** LISTED RECORDS **
%%
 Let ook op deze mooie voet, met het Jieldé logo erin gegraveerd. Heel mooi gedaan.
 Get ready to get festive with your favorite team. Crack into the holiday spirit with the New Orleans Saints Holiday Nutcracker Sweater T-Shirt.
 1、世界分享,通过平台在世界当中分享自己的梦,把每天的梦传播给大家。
%%
%%
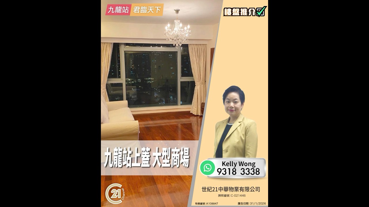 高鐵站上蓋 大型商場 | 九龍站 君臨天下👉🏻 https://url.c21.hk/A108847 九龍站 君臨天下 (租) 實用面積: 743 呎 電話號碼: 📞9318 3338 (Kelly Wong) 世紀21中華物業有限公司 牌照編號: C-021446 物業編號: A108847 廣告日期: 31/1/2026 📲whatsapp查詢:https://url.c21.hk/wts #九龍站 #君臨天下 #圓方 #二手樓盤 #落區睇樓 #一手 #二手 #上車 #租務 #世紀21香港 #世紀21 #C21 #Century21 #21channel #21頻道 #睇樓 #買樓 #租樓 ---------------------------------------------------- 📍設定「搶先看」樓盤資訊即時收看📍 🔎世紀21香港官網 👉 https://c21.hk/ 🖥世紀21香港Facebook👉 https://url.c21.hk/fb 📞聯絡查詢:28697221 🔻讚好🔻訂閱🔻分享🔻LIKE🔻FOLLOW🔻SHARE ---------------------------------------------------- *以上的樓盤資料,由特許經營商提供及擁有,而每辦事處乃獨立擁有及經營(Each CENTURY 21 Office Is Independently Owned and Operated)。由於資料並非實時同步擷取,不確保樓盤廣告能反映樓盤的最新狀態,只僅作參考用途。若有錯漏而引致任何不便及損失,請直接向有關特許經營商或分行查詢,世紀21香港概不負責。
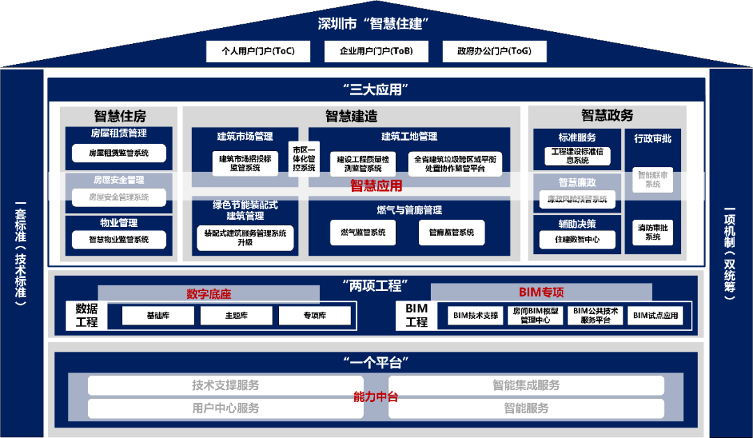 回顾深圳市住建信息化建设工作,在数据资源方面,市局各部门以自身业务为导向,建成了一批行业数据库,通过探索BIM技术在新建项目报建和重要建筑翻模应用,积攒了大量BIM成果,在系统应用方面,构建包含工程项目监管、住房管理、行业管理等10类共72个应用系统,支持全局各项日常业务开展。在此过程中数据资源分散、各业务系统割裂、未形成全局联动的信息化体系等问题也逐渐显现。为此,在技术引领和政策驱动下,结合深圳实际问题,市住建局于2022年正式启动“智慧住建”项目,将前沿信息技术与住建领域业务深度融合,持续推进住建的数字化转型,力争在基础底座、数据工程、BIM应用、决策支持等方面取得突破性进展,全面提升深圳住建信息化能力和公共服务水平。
%%
%%
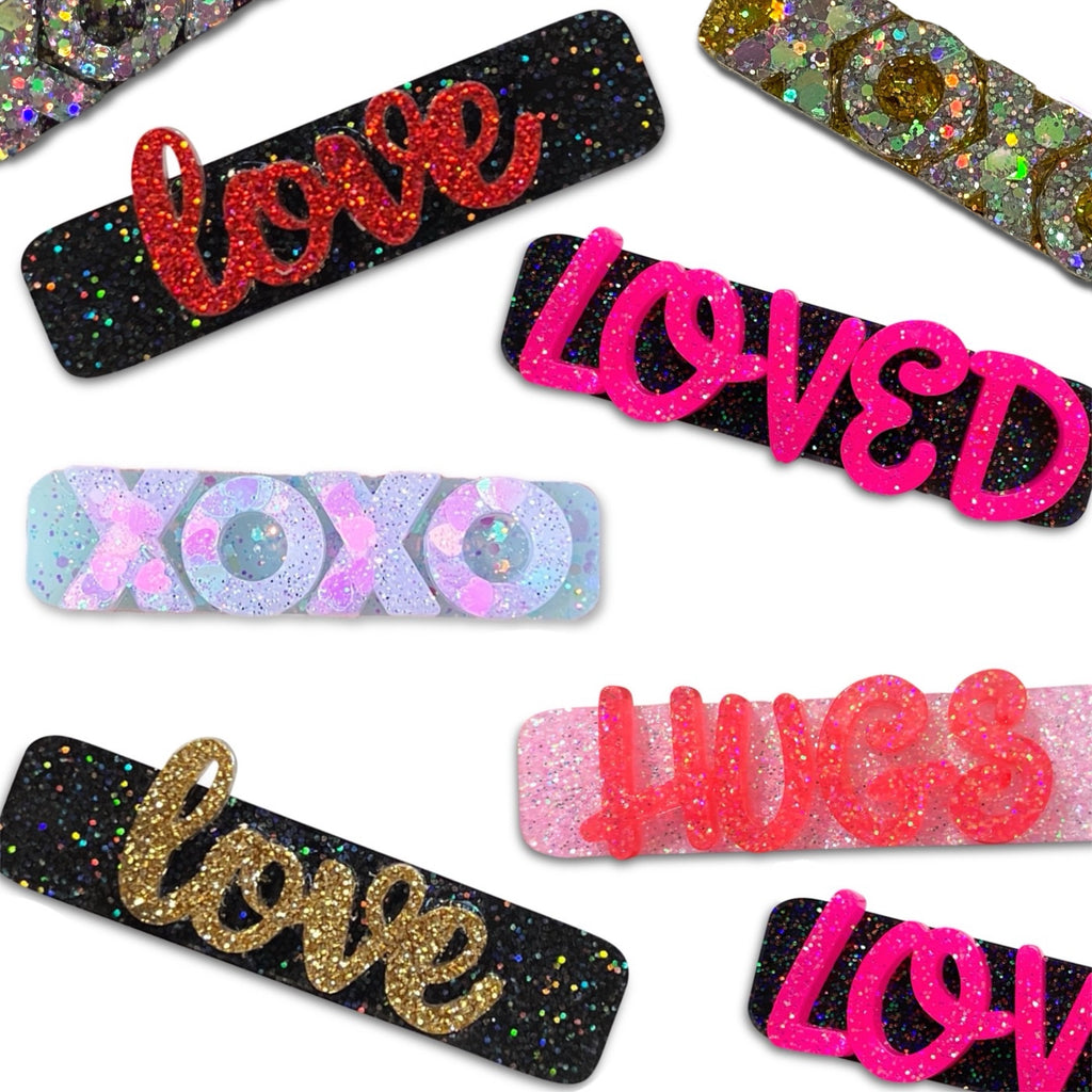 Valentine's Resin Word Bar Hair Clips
%%
Using the data above, retype exactly the lines from the line with "高鐵站上蓋 大型商場 |" to the line with "回顾深圳市住建信息化建设工作", inclusive. No pictures and nothing else.

 高鐵站上蓋 大型商場 | 九龍站 君臨天下👉🏻 https://url.c21.hk/A108847 九龍站 君臨天下 (租) 實用面積: 743 呎 電話號碼: 📞9318 3338 (Kelly Wong) 世紀21中華物業有限公司 牌照編號: C-021446 物業編號: A108847 廣告日期: 31/1/2026 📲whatsapp查詢:https://url.c21.hk/wts #九龍站 #君臨天下 #圓方 #二手樓盤 #落區睇樓 #一手 #二手 #上車 #租務 #世紀21香港 #世紀21 #C21 #Century21 #21channel #21頻道 #睇樓 #買樓 #租樓 ---------------------------------------------------- 📍設定「搶先看」樓盤資訊即時收看📍 🔎世紀21香港官網 👉 https://c21.hk/ 🖥世紀21香港Facebook👉 https://url.c21.hk/fb 📞聯絡查詢:28697221 🔻讚好🔻訂閱🔻分享🔻LIKE🔻FOLLOW🔻SHARE ---------------------------------------------------- *以上的樓盤資料,由特許經營商提供及擁有,而每辦事處乃獨立擁有及經營(Each CENTURY 21 Office Is Independently Owned and Operated)。由於資料並非實時同步擷取,不確保樓盤廣告能反映樓盤的最新狀態,只僅作參考用途。若有錯漏而引致任何不便及損失,請直接向有關特許經營商或分行查詢,世紀21香港概不負責。
 回顾深圳市住建信息化建设工作,在数据资源方面,市局各部门以自身业务为导向,建成了一批行业数据库,通过探索BIM技术在新建项目报建和重要建筑翻模应用,积攒了大量BIM成果,在系统应用方面,构建包含工程项目监管、住房管理、行业管理等10类共72个应用系统,支持全局各项日常业务开展。在此过程中数据资源分散、各业务系统割裂、未形成全局联动的信息化体系等问题也逐渐显现。为此,在技术引领和政策驱动下,结合深圳实际问题,市住建局于2022年正式启动“智慧住建”项目,将前沿信息技术与住建领域业务深度融合,持续推进住建的数字化转型,力争在基础底座、数据工程、BIM应用、决策支持等方面取得突破性进展,全面提升深圳住建信息化能力和公共服务水平。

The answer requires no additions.